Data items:
--- START ---
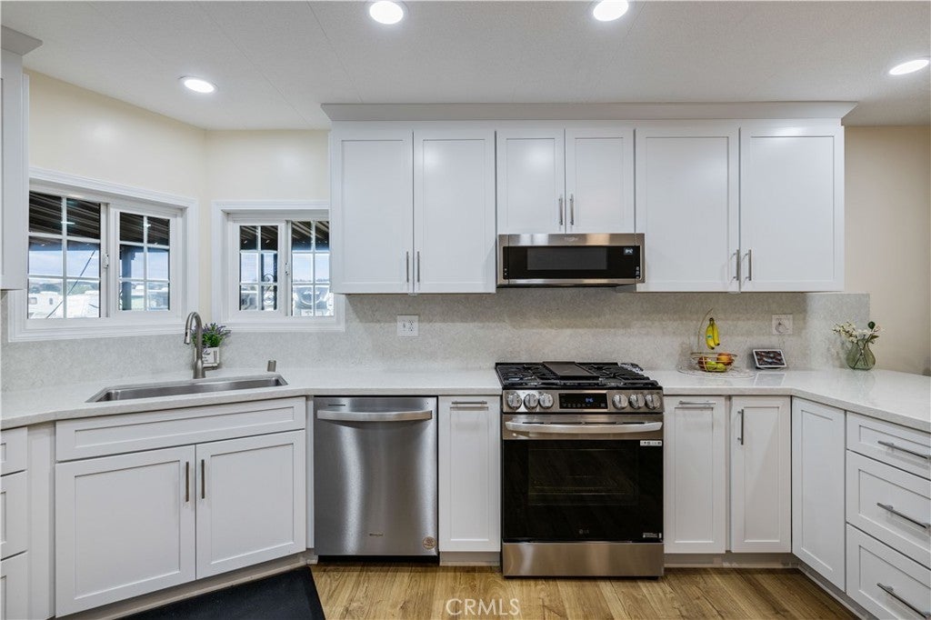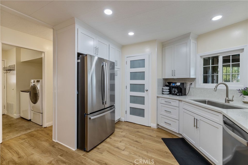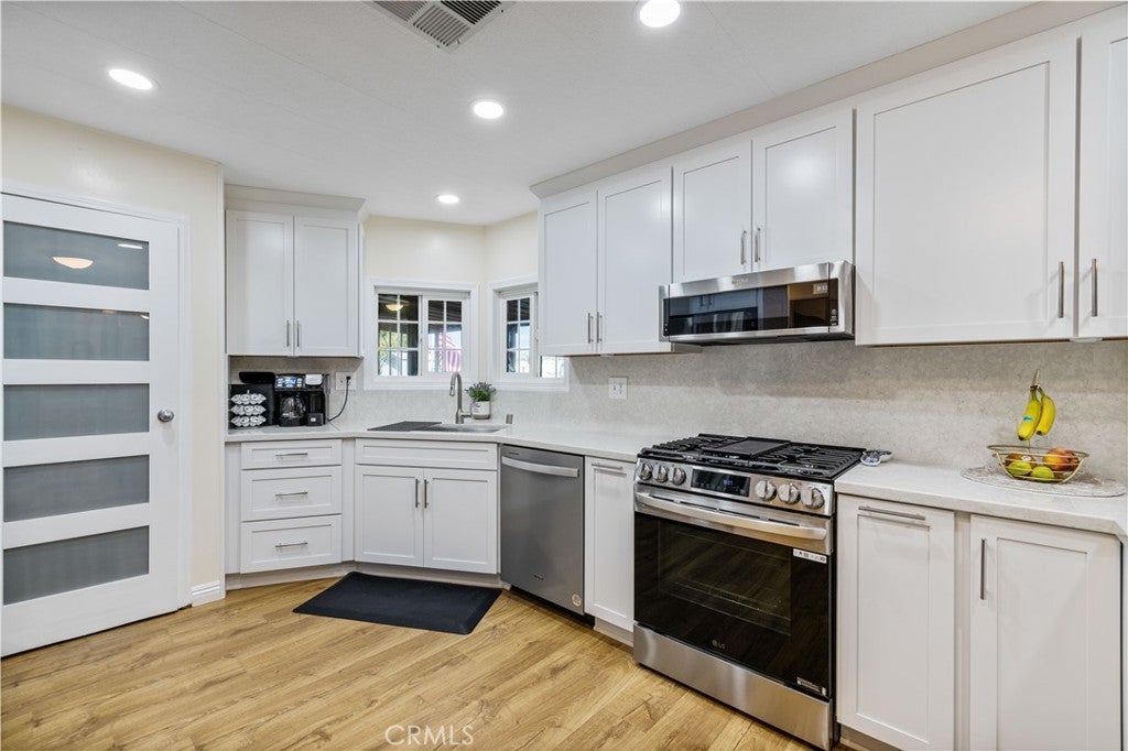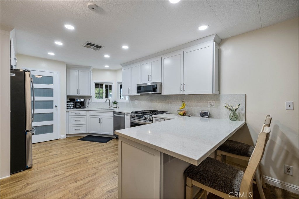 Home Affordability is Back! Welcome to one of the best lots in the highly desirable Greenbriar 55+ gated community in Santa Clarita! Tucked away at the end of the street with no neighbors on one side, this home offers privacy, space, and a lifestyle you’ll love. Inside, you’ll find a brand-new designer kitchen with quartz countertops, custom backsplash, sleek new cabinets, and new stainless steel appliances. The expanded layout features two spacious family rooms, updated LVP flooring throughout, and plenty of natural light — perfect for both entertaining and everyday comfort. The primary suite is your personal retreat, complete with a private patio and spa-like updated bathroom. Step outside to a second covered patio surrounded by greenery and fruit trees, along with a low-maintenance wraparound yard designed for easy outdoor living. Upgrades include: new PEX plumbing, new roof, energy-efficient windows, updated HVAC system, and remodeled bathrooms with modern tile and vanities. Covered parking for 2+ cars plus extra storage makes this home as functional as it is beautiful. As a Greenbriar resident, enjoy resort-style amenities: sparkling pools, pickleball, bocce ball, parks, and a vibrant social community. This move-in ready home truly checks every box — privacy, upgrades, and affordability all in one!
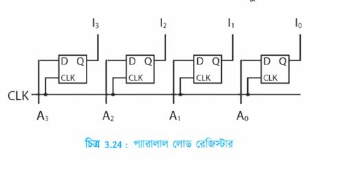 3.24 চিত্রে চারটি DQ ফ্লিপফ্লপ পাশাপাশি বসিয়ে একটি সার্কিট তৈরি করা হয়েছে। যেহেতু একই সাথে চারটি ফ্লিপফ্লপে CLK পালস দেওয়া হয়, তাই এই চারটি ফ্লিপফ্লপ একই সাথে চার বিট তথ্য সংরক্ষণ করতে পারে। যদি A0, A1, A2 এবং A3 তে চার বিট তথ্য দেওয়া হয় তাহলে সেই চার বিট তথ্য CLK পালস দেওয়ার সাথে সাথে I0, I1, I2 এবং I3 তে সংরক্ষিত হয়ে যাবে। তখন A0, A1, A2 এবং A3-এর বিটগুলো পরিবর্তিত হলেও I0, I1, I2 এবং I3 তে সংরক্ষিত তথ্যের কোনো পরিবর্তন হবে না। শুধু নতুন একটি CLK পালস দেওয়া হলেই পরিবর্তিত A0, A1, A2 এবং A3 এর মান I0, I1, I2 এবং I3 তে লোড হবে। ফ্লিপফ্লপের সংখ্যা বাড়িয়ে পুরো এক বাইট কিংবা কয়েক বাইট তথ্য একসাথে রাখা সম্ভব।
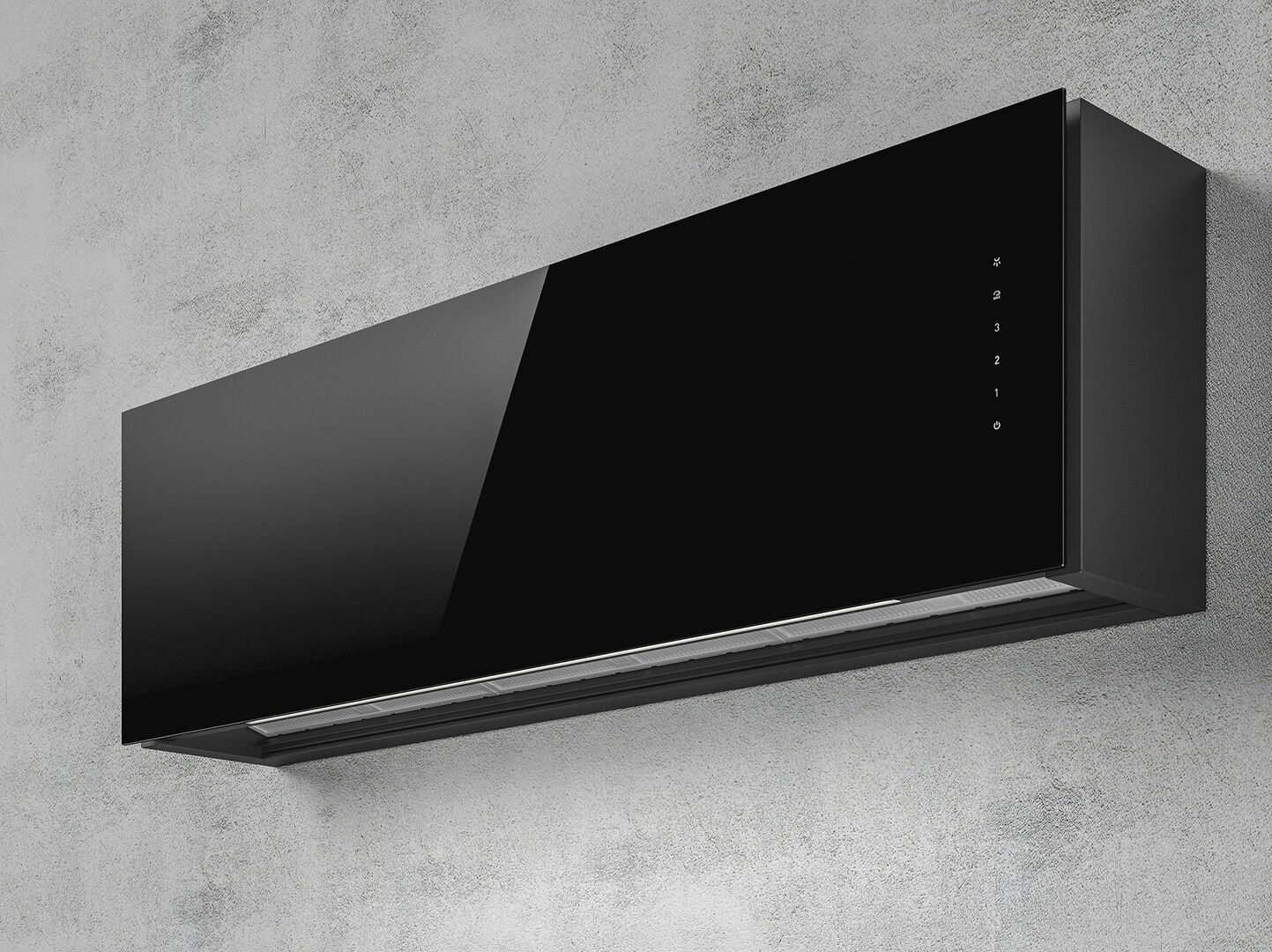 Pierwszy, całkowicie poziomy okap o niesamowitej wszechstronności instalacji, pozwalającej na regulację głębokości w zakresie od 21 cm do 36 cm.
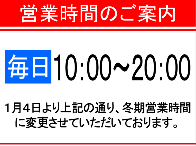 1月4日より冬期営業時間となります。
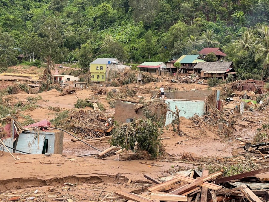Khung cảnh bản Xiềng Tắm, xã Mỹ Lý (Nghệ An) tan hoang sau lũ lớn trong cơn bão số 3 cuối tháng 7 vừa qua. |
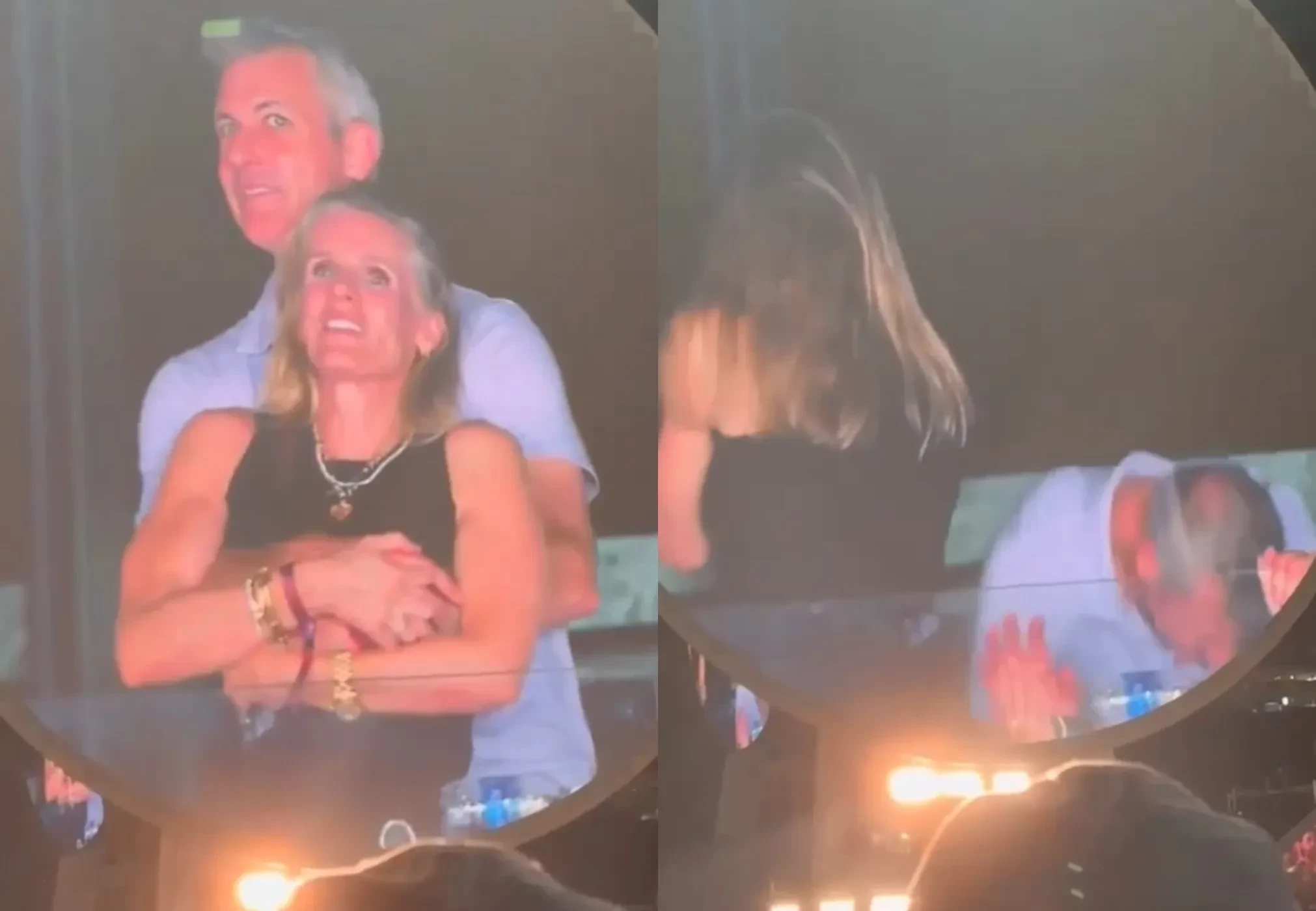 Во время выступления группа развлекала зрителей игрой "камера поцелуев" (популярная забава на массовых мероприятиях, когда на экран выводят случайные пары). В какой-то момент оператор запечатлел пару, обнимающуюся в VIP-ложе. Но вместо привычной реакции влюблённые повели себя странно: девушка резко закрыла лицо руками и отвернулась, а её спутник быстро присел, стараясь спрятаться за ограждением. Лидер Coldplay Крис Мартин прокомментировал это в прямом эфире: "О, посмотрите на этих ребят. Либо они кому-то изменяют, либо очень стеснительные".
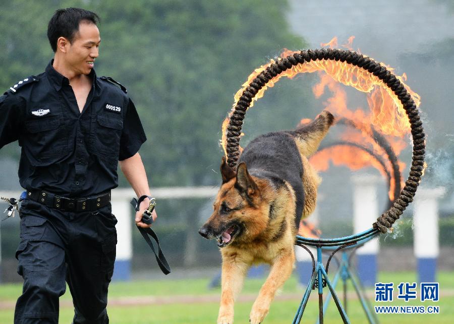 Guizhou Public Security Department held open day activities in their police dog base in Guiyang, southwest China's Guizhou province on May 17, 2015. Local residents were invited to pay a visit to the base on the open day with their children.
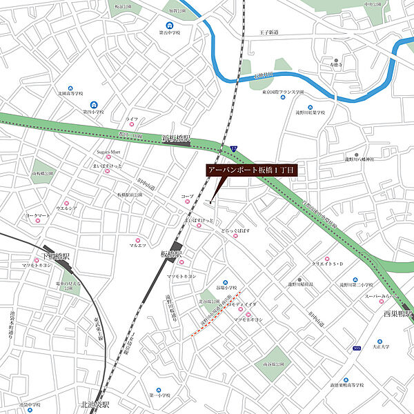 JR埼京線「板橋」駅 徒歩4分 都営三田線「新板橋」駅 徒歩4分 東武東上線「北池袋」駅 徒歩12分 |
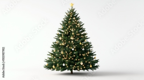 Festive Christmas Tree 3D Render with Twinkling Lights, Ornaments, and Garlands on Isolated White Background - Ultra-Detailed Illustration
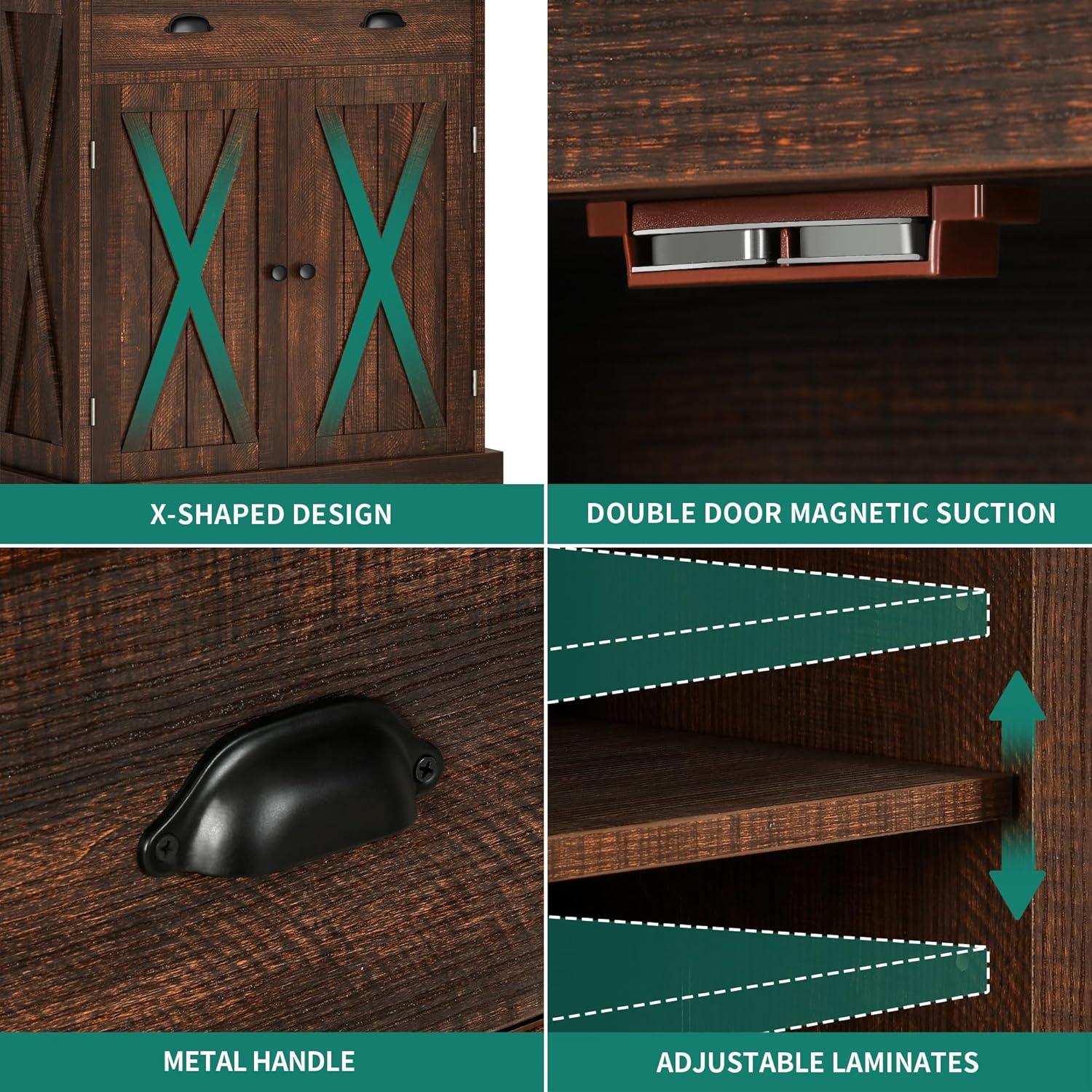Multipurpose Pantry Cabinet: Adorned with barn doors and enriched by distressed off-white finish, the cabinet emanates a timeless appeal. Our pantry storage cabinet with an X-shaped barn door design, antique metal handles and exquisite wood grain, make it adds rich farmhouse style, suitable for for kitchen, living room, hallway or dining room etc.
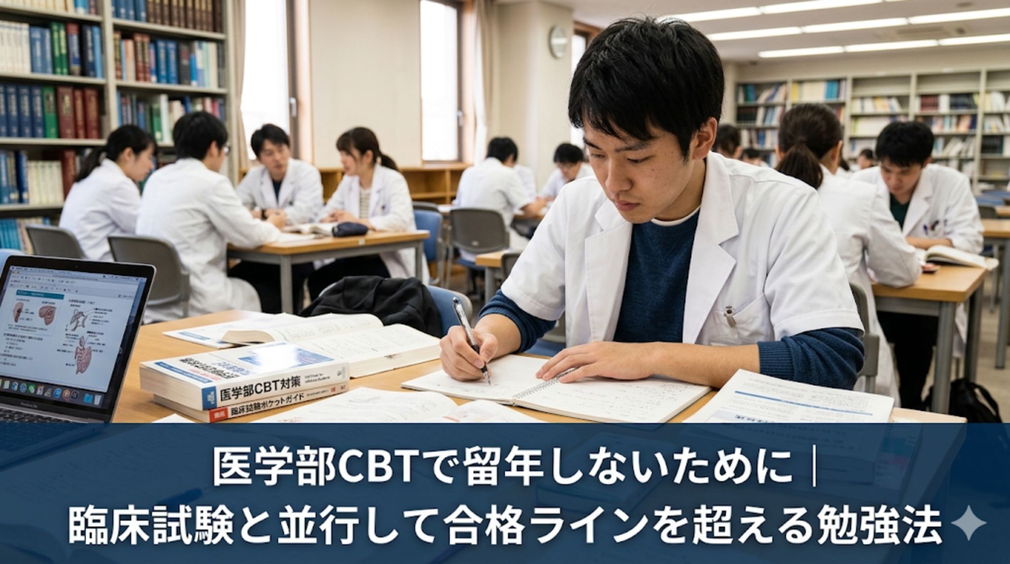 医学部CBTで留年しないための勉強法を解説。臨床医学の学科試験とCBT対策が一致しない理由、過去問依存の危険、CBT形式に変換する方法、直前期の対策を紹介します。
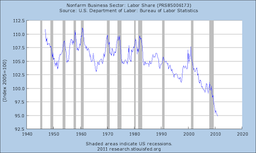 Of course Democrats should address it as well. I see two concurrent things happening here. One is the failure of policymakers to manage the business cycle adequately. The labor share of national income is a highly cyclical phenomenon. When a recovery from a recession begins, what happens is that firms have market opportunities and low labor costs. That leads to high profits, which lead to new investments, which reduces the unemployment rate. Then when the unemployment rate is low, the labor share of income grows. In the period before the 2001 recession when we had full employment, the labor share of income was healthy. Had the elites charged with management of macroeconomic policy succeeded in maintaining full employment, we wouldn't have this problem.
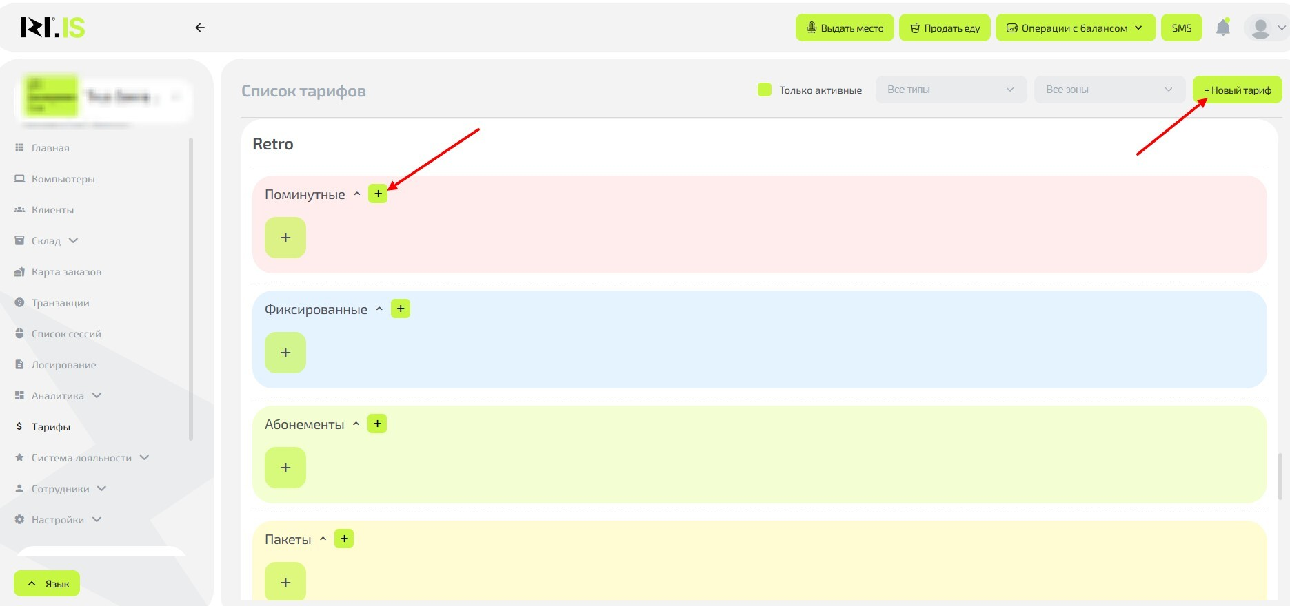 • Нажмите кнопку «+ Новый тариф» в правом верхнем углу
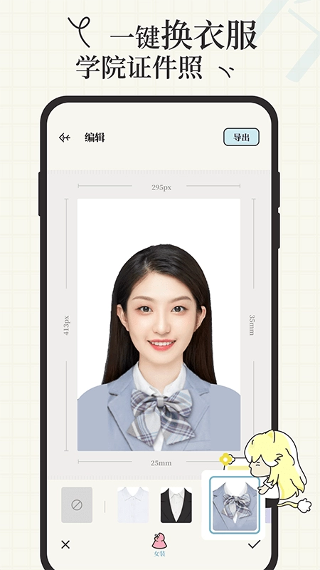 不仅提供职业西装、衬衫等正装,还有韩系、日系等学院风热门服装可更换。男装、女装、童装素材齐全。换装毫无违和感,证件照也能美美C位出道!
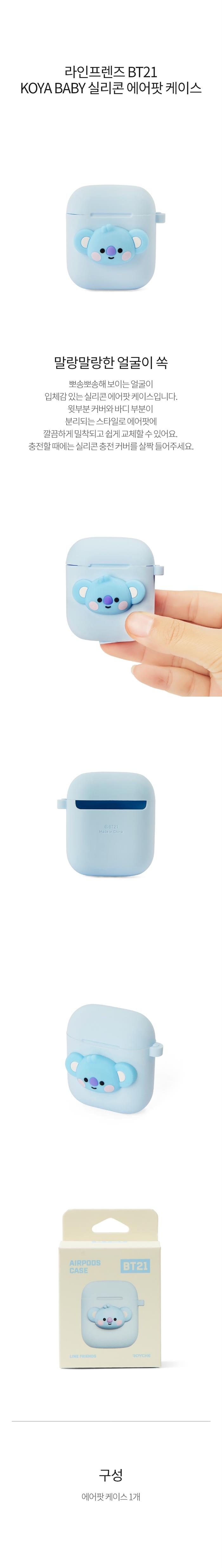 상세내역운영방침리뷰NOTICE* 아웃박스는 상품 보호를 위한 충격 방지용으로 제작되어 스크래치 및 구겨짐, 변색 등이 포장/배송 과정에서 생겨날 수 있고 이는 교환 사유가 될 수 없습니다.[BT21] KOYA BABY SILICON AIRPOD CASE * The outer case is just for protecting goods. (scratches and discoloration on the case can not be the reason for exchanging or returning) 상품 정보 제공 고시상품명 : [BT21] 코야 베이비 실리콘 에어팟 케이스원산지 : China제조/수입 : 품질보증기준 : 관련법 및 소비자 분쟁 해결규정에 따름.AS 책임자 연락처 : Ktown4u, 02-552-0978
--- END ---
INSTRUCTIONS FOR THE TASK -
Working from the records above, reproduce exactly the lines from the one with "医学部CBTで留年しないため" through the last line, without the pictures.

RESULT -
 医学部CBTで留年しないための勉強法を解説。臨床医学の学科試験とCBT対策が一致しない理由、過去問依存の危険、CBT形式に変換する方法、直前期の対策を紹介します。
 Of course Democrats should address it as well. I see two concurrent things happening here. One is the failure of policymakers to manage the business cycle adequately. The labor share of national income is a highly cyclical phenomenon. When a recovery from a recession begins, what happens is that firms have market opportunities and low labor costs. That leads to high profits, which lead to new investments, which reduces the unemployment rate. Then when the unemployment rate is low, the labor share of income grows. In the period before the 2001 recession when we had full employment, the labor share of income was healthy. Had the elites charged with management of macroeconomic policy succeeded in maintaining full employment, we wouldn't have this problem.
 • Нажмите кнопку «+ Новый тариф» в правом верхнем углу
 不仅提供职业西装、衬衫等正装,还有韩系、日系等学院风热门服装可更换。男装、女装、童装素材齐全。换装毫无违和感,证件照也能美美C位出道!
 상세내역운영방침리뷰NOTICE* 아웃박스는 상품 보호를 위한 충격 방지용으로 제작되어 스크래치 및 구겨짐, 변색 등이 포장/배송 과정에서 생겨날 수 있고 이는 교환 사유가 될 수 없습니다.[BT21] KOYA BABY SILICON AIRPOD CASE * The outer case is just for protecting goods. (scratches and discoloration on the case can not be the reason for exchanging or returning) 상품 정보 제공 고시상품명 : [BT21] 코야 베이비 실리콘 에어팟 케이스원산지 : China제조/수입 : 품질보증기준 : 관련법 및 소비자 분쟁 해결규정에 따름.AS 책임자 연락처 : Ktown4u, 02-552-0978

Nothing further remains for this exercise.